EXERCISE OBJECTIVE
Give the data again exactly as it appears, excluding any pictures.

━━ EXTRACTED INFORMATION

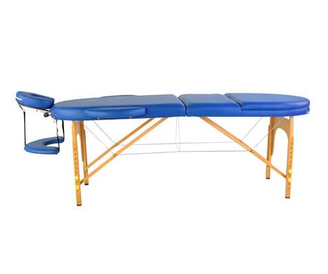 2 delna ovalna masažna miza je narejena iz trpežnega lesa. Dobro stabilna in primerna za vse vrste masaž. Poleg masažne mize je tudi torba za prenašanje.
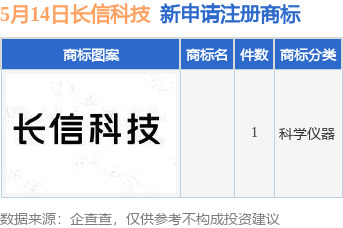 今年以来芜湖长信科技股份有限公司新申请注册商标1件,截止目前公司共持有注册商标10件,另有3件商标尚在注册申请中。
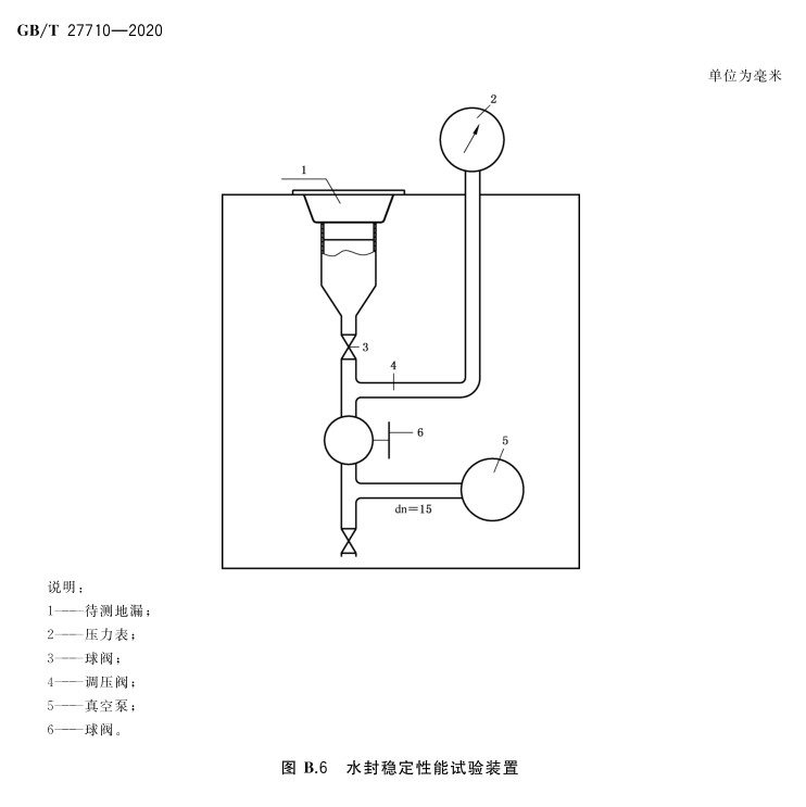 3.1、满足GB/T27710-2020标准6.6.6、7.6.6章节及附录图B.6的要求,测试气压真空度为400士10Pa,持续10s解除真空度,再测量剩余水封深度
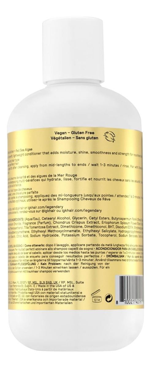 Condicionador de cabelo IGK LEGENDARY Dream | Saudável + Hidratado + Brilhante | Vegano + Sem crueldade | 8 onças – A manteiga de karité retém a umidade, mantendo o cabelo macio e macio – As algas marinhas vermelhas proporcionam hidratação, brilho e elasticidade – Segura para cabelos coloridos e tratados quimicamente
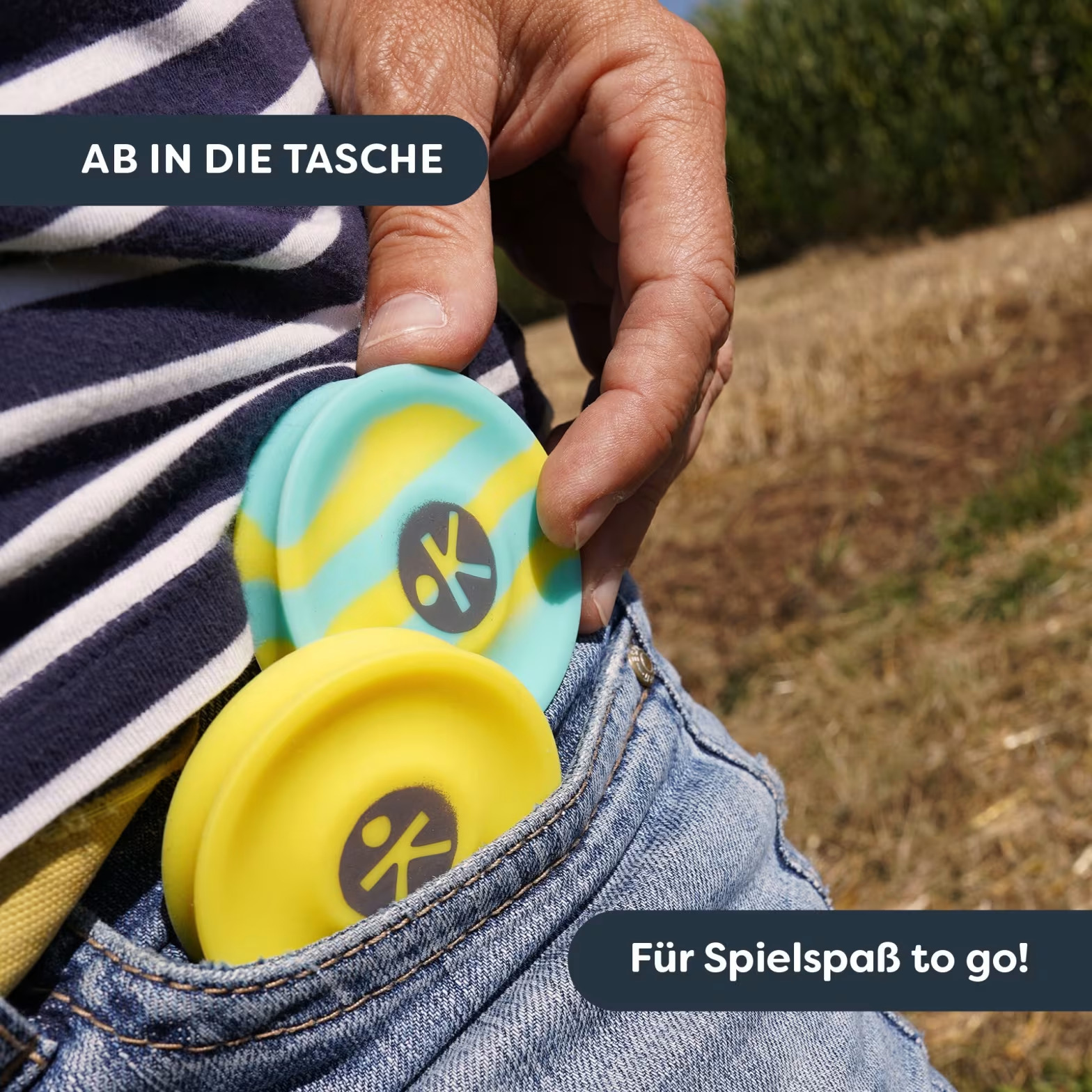 Objavte Mini-Frisbee zo silikónu, ktoré predstavujú dokonalú kombináciu vreckovej veľkosti a maximálnej hernej zábavy. Tieto extra malé lietajúce disky sú navrhnuté tak, aby sa zmestili do každého vrecka, vďaka čomu sú okamžite pripravené na spontánnu akciu v parku, na pláži alebo počas kempovania. Disky sú vyrobené z mäkkého a flexibilného silikónového materiálu, čo zaručuje bezpečný priebeh hry nielen vonku, ale aj v interiéri. Ich sýty, farebne intenzívny dizajn zaisťuje, že disky po dopade vždy rýchlo a ľahko nájdete. Vďaka svojej ohybnosti a ľahkosti sú ideálne na predvádzanie štýlových trikov a nečakaných letových manévrov, ktoré oživia každý voľný čas s priateľmi. Obsah balenia: praktické dvojbalenie (2 kusy) Materiál: mäkký a pružný silikón Dizajn: farebne intenzívne prevedenie pre rýchle hľadanie Formát: extra malý a šikovný vreckový rozmer (Pocketformat) Využitie: vhodné do exteriéru aj interiéru Vek: 4+
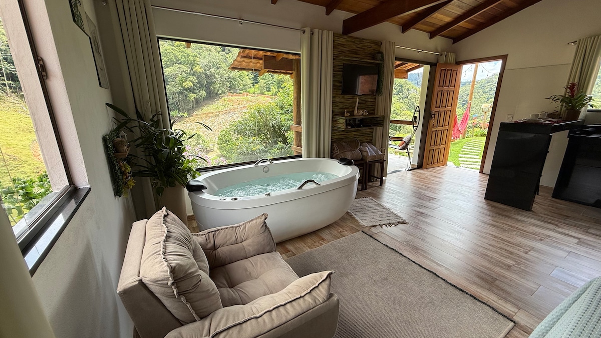 Away Cabanas- in PEDRA AZUL, 5 min from Rota do Lagarto. It has an exclusive automatic door that opens by remote control. Easy access (good road), reliable and fast Wi-Fi, view and PRIVACY! Deck with a hammock perfect for relaxing. Full kitchen, queen-size bed, bed linen and towels included. Air conditioning with HEAT function available. Decoration inspired by the city of Chamonix in France. SAME ROAD AS THE AROSO HOTEL. 2 km from the supermarket, breweries and Pedra Azul.
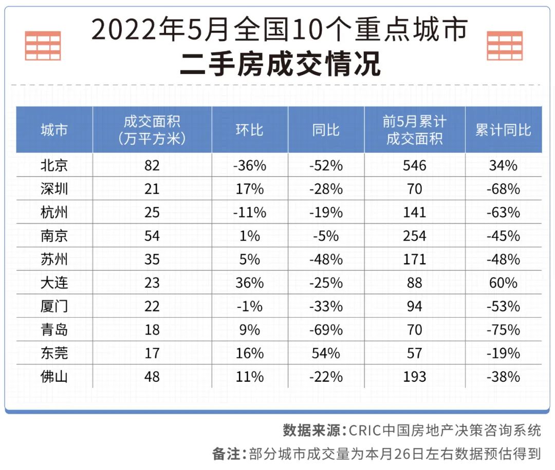 數據顯示,10個重點城市成交面積同環比齊降,前5月成交面積累計同比下降46%。

━━━━

ANSWER TO THIS PROBLEM
 2 delna ovalna masažna miza je narejena iz trpežnega lesa. Dobro stabilna in primerna za vse vrste masaž. Poleg masažne mize je tudi torba za prenašanje.
 今年以来芜湖长信科技股份有限公司新申请注册商标1件,截止目前公司共持有注册商标10件,另有3件商标尚在注册申请中。
 3.1、满足GB/T27710-2020标准6.6.6、7.6.6章节及附录图B.6的要求,测试气压真空度为400士10Pa,持续10s解除真空度,再测量剩余水封深度
 Condicionador de cabelo IGK LEGENDARY Dream | Saudável + Hidratado + Brilhante | Vegano + Sem crueldade | 8 onças – A manteiga de karité retém a umidade, mantendo o cabelo macio e macio – As algas marinhas vermelhas proporcionam hidratação, brilho e elasticidade – Segura para cabelos coloridos e tratados quimicamente
 Objavte Mini-Frisbee zo silikónu, ktoré predstavujú dokonalú kombináciu vreckovej veľkosti a maximálnej hernej zábavy. Tieto extra malé lietajúce disky sú navrhnuté tak, aby sa zmestili do každého vrecka, vďaka čomu sú okamžite pripravené na spontánnu akciu v parku, na pláži alebo počas kempovania. Disky sú vyrobené z mäkkého a flexibilného silikónového materiálu, čo zaručuje bezpečný priebeh hry nielen vonku, ale aj v interiéri. Ich sýty, farebne intenzívny dizajn zaisťuje, že disky po dopade vždy rýchlo a ľahko nájdete. Vďaka svojej ohybnosti a ľahkosti sú ideálne na predvádzanie štýlových trikov a nečakaných letových manévrov, ktoré oživia každý voľný čas s priateľmi. Obsah balenia: praktické dvojbalenie (2 kusy) Materiál: mäkký a pružný silikón Dizajn: farebne intenzívne prevedenie pre rýchle hľadanie Formát: extra malý a šikovný vreckový rozmer (Pocketformat) Využitie: vhodné do exteriéru aj interiéru Vek: 4+
 Away Cabanas- in PEDRA AZUL, 5 min from Rota do Lagarto. It has an exclusive automatic door that opens by remote control. Easy access (good road), reliable and fast Wi-Fi, view and PRIVACY! Deck with a hammock perfect for relaxing. Full kitchen, queen-size bed, bed linen and towels included. Air conditioning with HEAT function available. Decoration inspired by the city of Chamonix in France. SAME ROAD AS THE AROSO HOTEL. 2 km from the supermarket, breweries and Pedra Azul.
 數據顯示,10個重點城市成交面積同環比齊降,前5月成交面積累計同比下降46%。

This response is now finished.